◆ PROVIDED RECORDS ◆
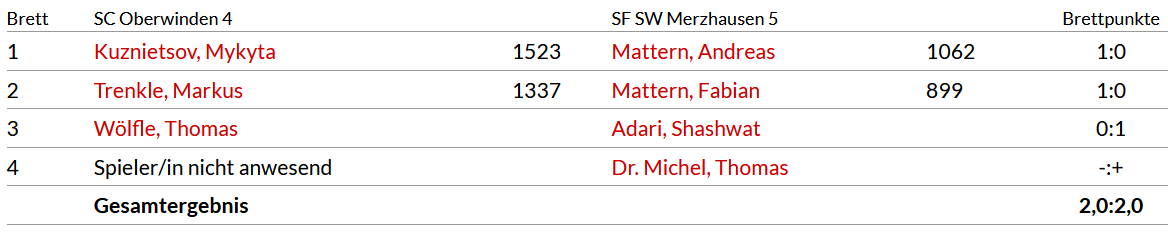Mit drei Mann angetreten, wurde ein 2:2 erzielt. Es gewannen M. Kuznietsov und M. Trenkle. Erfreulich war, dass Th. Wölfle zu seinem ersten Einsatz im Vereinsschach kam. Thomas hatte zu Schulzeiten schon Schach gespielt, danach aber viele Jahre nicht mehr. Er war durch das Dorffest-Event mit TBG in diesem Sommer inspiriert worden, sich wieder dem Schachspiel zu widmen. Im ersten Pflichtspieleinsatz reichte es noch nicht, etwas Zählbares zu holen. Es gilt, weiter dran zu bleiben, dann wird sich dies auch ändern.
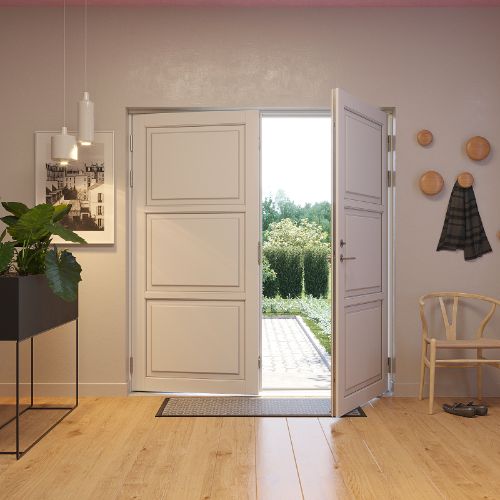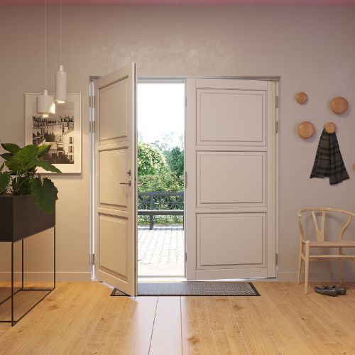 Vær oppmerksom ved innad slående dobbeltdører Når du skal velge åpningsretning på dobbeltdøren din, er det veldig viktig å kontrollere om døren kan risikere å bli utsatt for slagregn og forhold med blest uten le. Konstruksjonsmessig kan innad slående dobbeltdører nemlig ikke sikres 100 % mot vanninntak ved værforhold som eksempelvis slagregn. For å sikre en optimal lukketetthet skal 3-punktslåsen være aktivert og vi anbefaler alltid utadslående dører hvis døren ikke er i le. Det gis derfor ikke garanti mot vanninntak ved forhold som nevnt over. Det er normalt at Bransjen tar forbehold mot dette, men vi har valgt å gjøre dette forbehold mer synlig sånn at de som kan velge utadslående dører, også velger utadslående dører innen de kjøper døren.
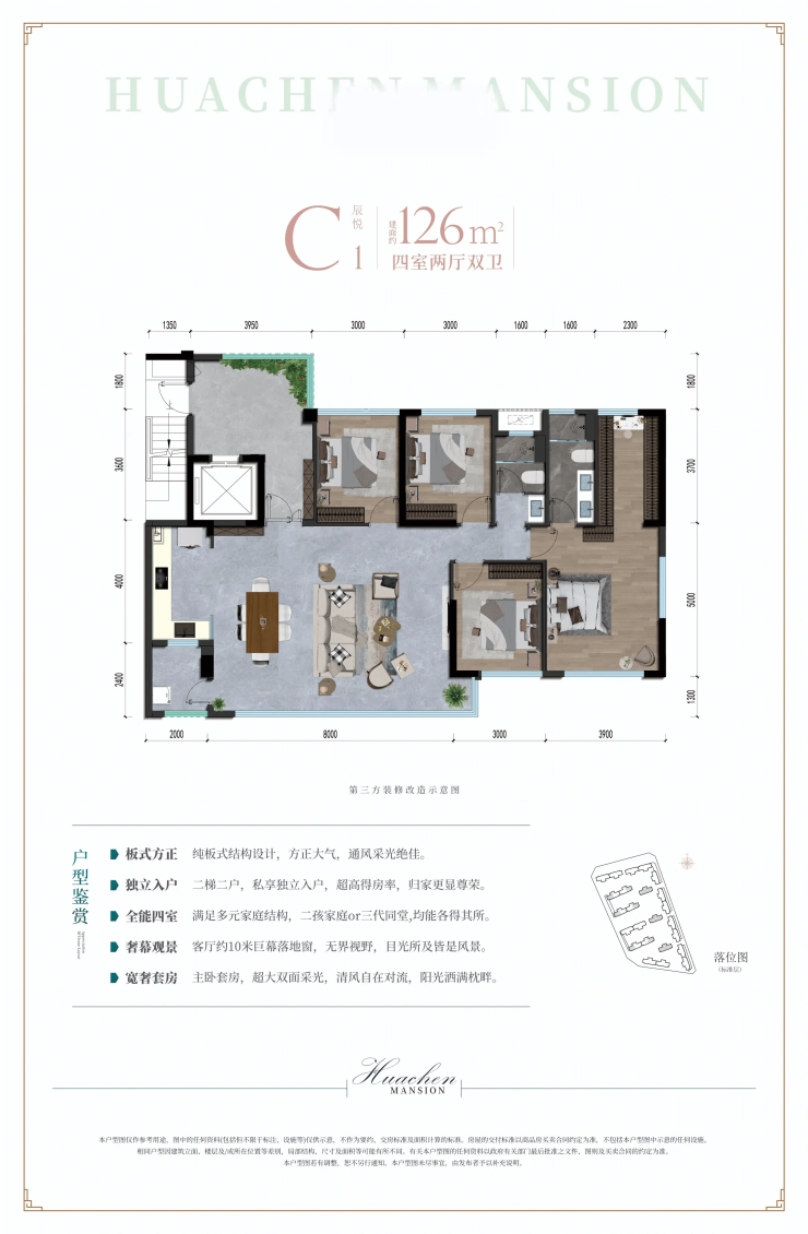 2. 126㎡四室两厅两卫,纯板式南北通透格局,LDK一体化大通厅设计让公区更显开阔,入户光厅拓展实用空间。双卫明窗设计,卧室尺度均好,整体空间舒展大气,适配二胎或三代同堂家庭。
* * *
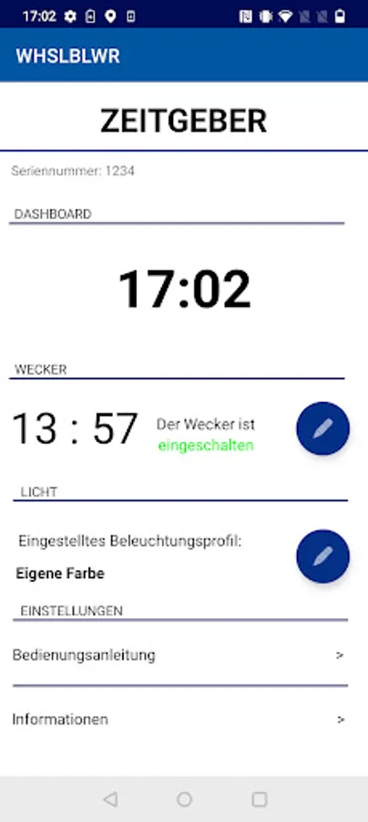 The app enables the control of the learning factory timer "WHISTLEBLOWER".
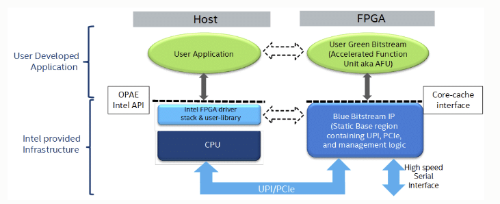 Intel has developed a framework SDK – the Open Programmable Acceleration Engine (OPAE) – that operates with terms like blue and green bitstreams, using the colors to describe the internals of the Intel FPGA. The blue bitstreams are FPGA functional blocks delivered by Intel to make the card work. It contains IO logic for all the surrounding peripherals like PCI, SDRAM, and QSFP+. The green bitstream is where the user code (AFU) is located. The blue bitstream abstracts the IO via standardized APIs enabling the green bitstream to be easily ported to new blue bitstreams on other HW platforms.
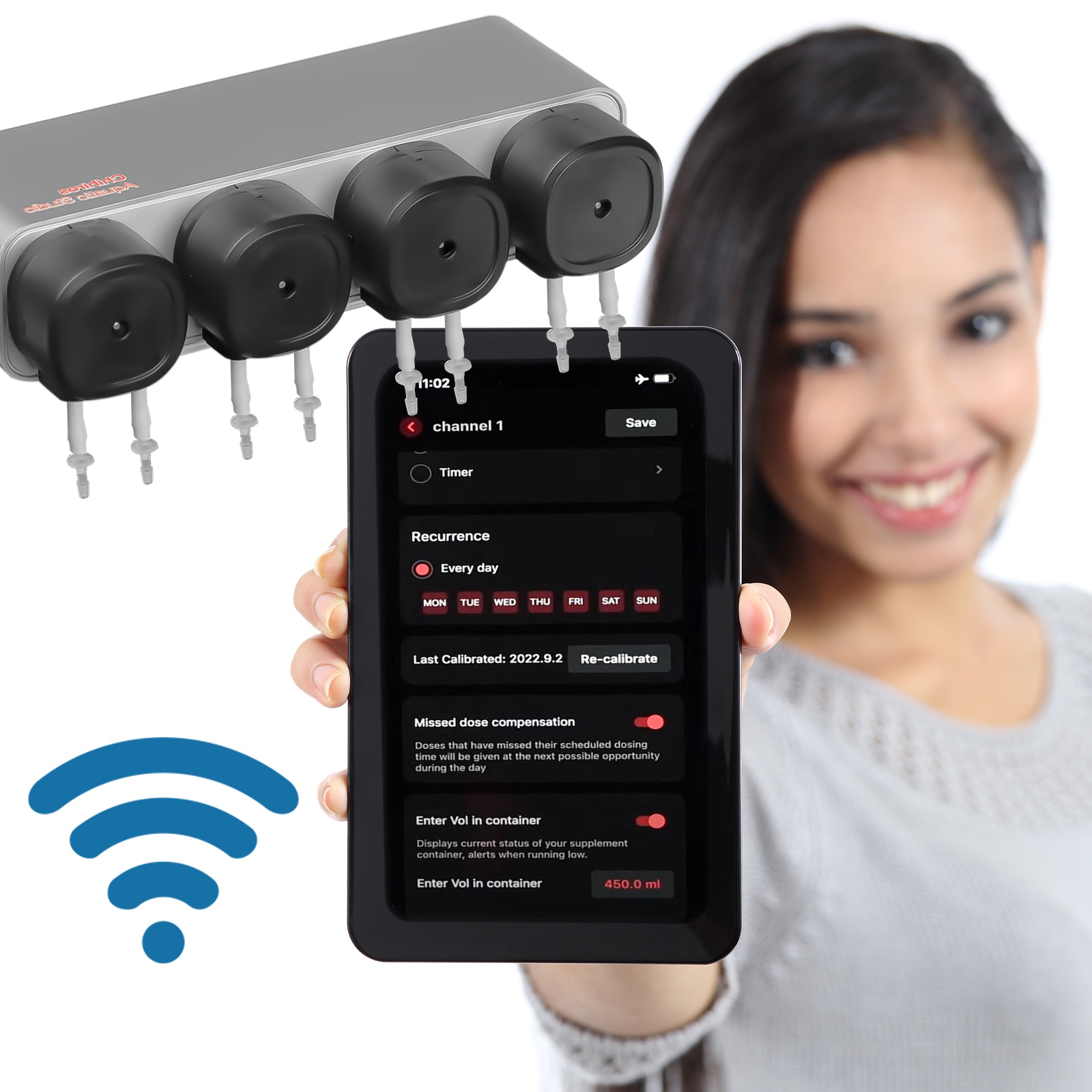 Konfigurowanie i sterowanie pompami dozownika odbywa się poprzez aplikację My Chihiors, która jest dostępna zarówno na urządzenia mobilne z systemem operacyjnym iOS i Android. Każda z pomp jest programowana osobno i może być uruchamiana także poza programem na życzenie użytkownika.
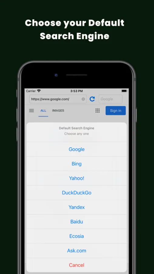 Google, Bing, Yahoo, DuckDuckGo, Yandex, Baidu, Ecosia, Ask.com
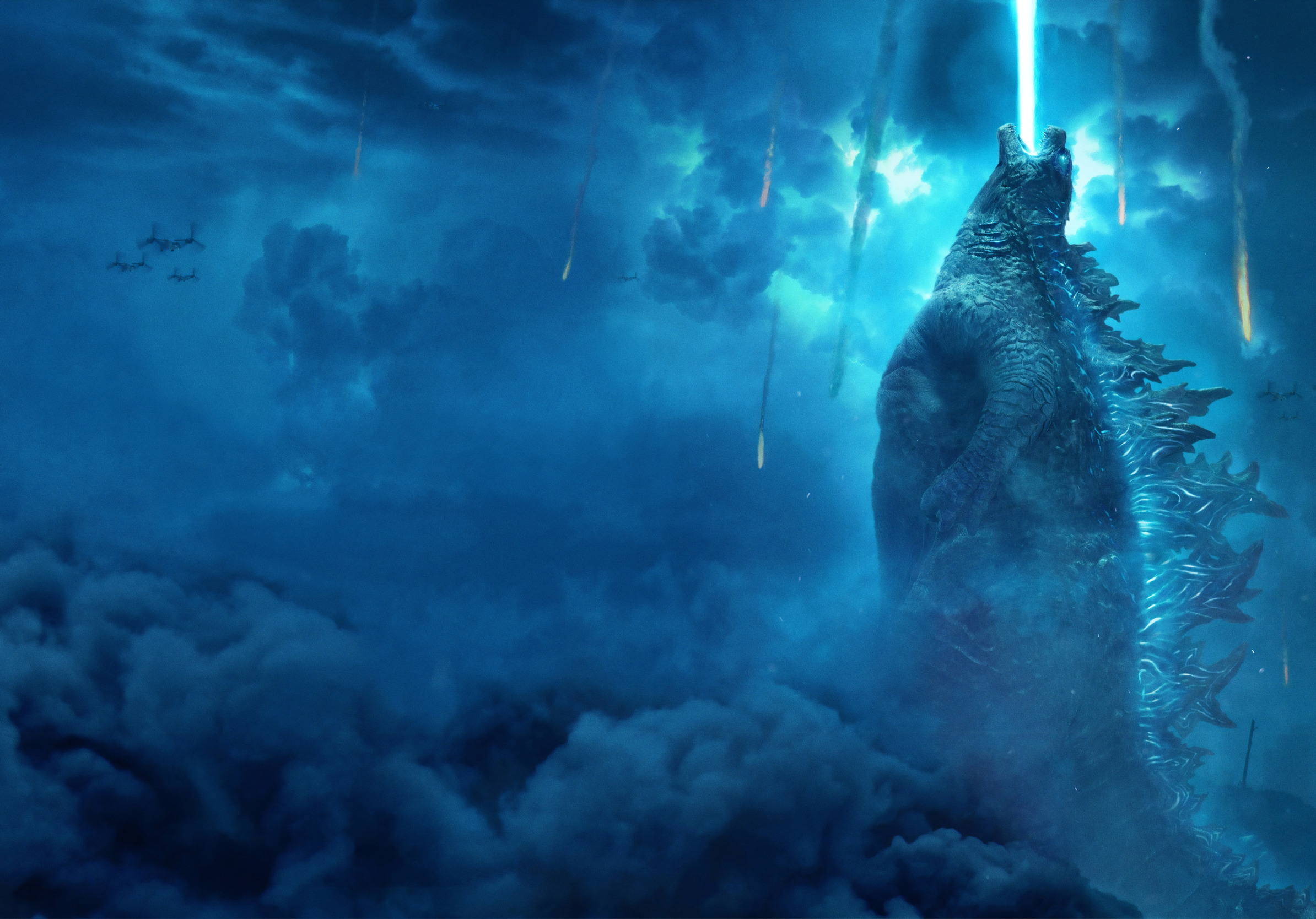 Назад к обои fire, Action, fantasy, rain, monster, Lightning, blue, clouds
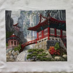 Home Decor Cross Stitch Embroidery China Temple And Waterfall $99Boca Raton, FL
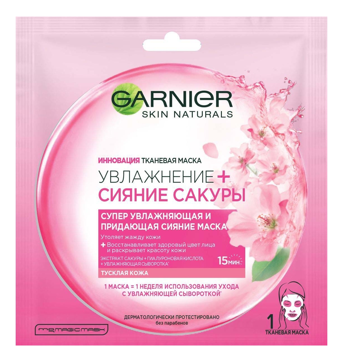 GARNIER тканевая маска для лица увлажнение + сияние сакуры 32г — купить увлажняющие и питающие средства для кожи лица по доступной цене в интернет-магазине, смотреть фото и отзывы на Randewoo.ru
==
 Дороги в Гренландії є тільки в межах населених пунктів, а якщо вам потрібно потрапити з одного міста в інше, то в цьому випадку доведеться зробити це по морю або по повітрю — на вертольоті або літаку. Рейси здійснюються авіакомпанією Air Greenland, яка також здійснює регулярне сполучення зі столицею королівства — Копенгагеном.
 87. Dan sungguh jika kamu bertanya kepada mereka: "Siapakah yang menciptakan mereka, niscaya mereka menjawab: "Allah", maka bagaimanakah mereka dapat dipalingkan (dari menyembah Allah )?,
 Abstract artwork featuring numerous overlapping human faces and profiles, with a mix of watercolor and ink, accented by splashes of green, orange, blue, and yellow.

◆ WORK TO BE COMPLETED ◆
Return exactly the lines above, from the one with "Google, Bing, Yahoo, DuckDuckGo, Yandex, Baidu, Ecosia, Ask.com" up to and including the one with "GARNIER тканевая маска", and include no pictures.

◆ ANSWER TO THE PROBLEM ◆
 Google, Bing, Yahoo, DuckDuckGo, Yandex, Baidu, Ecosia, Ask.com
 Назад к обои fire, Action, fantasy, rain, monster, Lightning, blue, clouds
 Home Decor Cross Stitch Embroidery China Temple And Waterfall $99Boca Raton, FL
 GARNIER тканевая маска для лица увлажнение + сияние сакуры 32г — купить увлажняющие и питающие средства для кожи лица по доступной цене в интернет-магазине, смотреть фото и отзывы на Randewoo.ru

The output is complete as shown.